Archive for the ‘Medicine’ Category

UK embraces being “cared to death”

November 1, 2012

I have posted earlier about the disturbing ethical questions with the “Care Pathways” in the UK  which operate in the grey zone between euthanasia and execution.

But it is more than just disturbing when UK hospitals run by NHS trusts apparently get financial benefits if they increase the number of terminally-ill patients who are put onto the so-called “Care Pathways”. Once someone is “put on a Care Pathway” they are effectively written off. Medication may be withdrawn, water and food may be withheld and any chance of continuing to live or of any recovery are removed – intentionally – from the equation.  “Care” is provided but now with the intention of causing death. The sooner such patients die the better the use of resources!

I cannot see how any “Care Pathway” where there is an incentive to ensure that a patient dies and dies quickly can be anything other than an intentional termination of life. But is it euthanasia or is it murder or is it an execution?

Where the patient truly wishes to die it is effectively euthanasia. But where the patient would wish to live if he could only get better we get into a dangerous zone between euthanasia and execution. Can all attempts to “make the patient better” be abandoned by a hospital because someone other than the patient has decided that the patient cannot get better? When it is relatives who are pushing to get the patient onto a “Care Pathway” it comes close to murder. And when it is the hospitals or the hospital staff who are “incentivised” to get the patient onto the “Care Pathway” it gets close to being an execution. The decision to put someone onto a “Care Pathway” is itself then an irrevocable sentence of death. Why not – having passed sentence –  just give them a quick, quiet lethal injection after putting them on a “Care Pathway”? Why go through the charade of care while ensuring the patients rapid demise? The 33 hours these patients survive on average after being put on a “Care Pathway” could be reduced to zero. Why not provide incentives to hospitals to

  • maximise the number of patients put onto a “Care Pathway”, and then
  • minimise the amount of time spent on such a Pathway?

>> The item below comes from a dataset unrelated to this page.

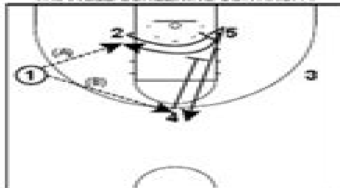
TRIANGLE SCREENING CONTINUITY

TRIANGLE SCREENING CONTINUITY: As soon as the ball is reversed to the wing (1), 2 crosses-screens 5 (make 5 cut over top of screen). As soon as 5 is on 2's hip, 4 downscreens hard - headhunt for 2's defender - to free 2 up in the top. Scoring options: (A) low post, (B) 3pt shot or jump shot at top.

This could get rid of many hundreds – if not thousands – of problematic and elderly patients who only absorb resources, no longer provide any useful contribution to society and are just a pain for their relatives. It would not be a very large step to converting the corpses to Soylent Green.

The Telegraph: 

The majority of hospitals in England are being given financial rewards for placing terminally-ill patients on a controversial “pathway” to death…

Almost two thirds of NHS trusts using the Liverpool Care Pathway have received payouts totalling millions of pounds for hitting targets related to its use, research for The Daily Telegraph shows.

The figures, obtained under the Freedom of Information Act, reveal the full scale of financial inducements for the first time.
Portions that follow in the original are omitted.